HSBC and Household have not been happy bedfellows. And you didn’t need to be a genius to predict the cause of this dissonance. Interest rates have risen, so customers are defaulting on mortgages. Simultaneously, the weaker US housing market has eroded the equity that HSBC might have claimed. We’re not talking rocket science here, we’re talking finance 101. And obviously if you’re lending to the under-belly of America, your casualties will be greater than if you are cultivating the hedge fund community in Greenwich, Connecticut.

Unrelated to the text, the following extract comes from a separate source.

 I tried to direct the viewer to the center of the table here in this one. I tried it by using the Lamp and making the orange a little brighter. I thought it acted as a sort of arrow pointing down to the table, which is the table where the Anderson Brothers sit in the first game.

One thing does puzzle me, however. When HSBC took over Household, the business focused on true consumer finance, such as credit cards, car finance and consumer lending. These businesses appear to have shown no deterioration in credit quality. The problem is with the newer, sub-prime mortgage business that, according to analyst Michael Helsby at Fox-Pitt, Kelton, has been developed since HSBC acquired Household. I wonder whose bright idea that was? Probably, we will never be told. There will be a muddled miasma of collective responsibility.

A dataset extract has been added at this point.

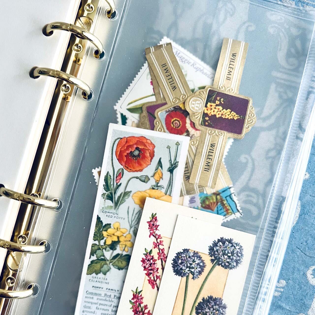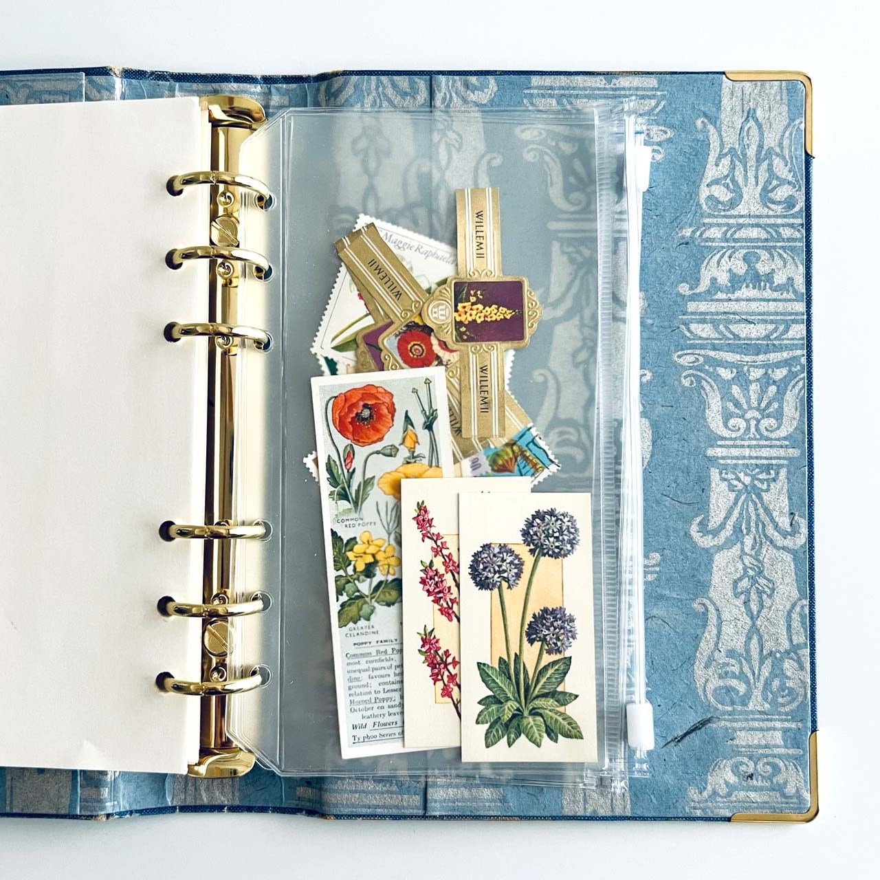 中身のアンティーク素材や紙ものやファイルポケットもついています。

At the time of the acquisition, Sir John praised Household for having: “A talented management team that has created one of the best-in-class technology and marketing platforms in financial services.” These skills, it was claimed, could be exported to the bank’s emerging markets’ operations. I presume that this concept now has less credibility than a collapsed soufflé. Instead of strutting its stuff in the booming Bric [Brazil, Russia, India and China] economies, HSBC is mired in the mud of the mature American economy.

Distressed investors should take heart however. HSBC’s chairman, Stephen Green, told reporters: “We have a management team there [in the US] that is now being directed in a very hands-on way by Mike [Geoghegan, HSBC’s chief executive]. We will make sure the management is clearly lined up with the direction we want to go.” I smell the odour of a plump platitude. What do you think ‘direction in a very hands-on way’ means? Managing the managers or prowling around trailer parks discussing ghetto blasters and souped-up Chevys with potential customers? Let’s hope mighty Mike can turn things around. Unfortunately, powerful and capable as he may be, the vicissitudes of the US economy are outside his control. I’m not holding my breath.

Ennui

You could almost hear Deutsche Bank’s chief executive, Josef Ackermann, exhaling with relief when the bank announced excellent fourth-quarter results and record annual profits in early February. Last year was a yo-yo year for Jo. In October, he and five other defendants faced a retrial of the Mannesmann bonus case. A month later, the case was settled. Ackermann paid €3.2 million, though state prosecutors said this penalty implied no guilt. The stress of being embroiled in this lawsuit, which relates to events in 2000, is unimaginable. I would be a Valium-gulping zombie. Beneath that genial exterior, Ackermann must be tough. But investors remain resolutely sceptical – the share price hardly twitched on the good results. I wonder why? Anxiety about costs? A weak performance from the private clients and asset management division? Or a sense of ennui with the whole sector? There is a lot of “Is this as good as it gets?” around. And you know what? I feel like that myself.

Spotted this week: Jude Law’s ex-wife, Sadie Frost, and a gaggle of girlfriends swigging champagne. David Bailey’s ex-wife, Marie Helvin, toying with a plate of pasta. And then, there was the sad old man at Scott’s, London’s most fashionable eatery, who confided to his companion: “I’ve taken it all away and I’m going to invest it myself.” Is this an epitaph for our fund management industry?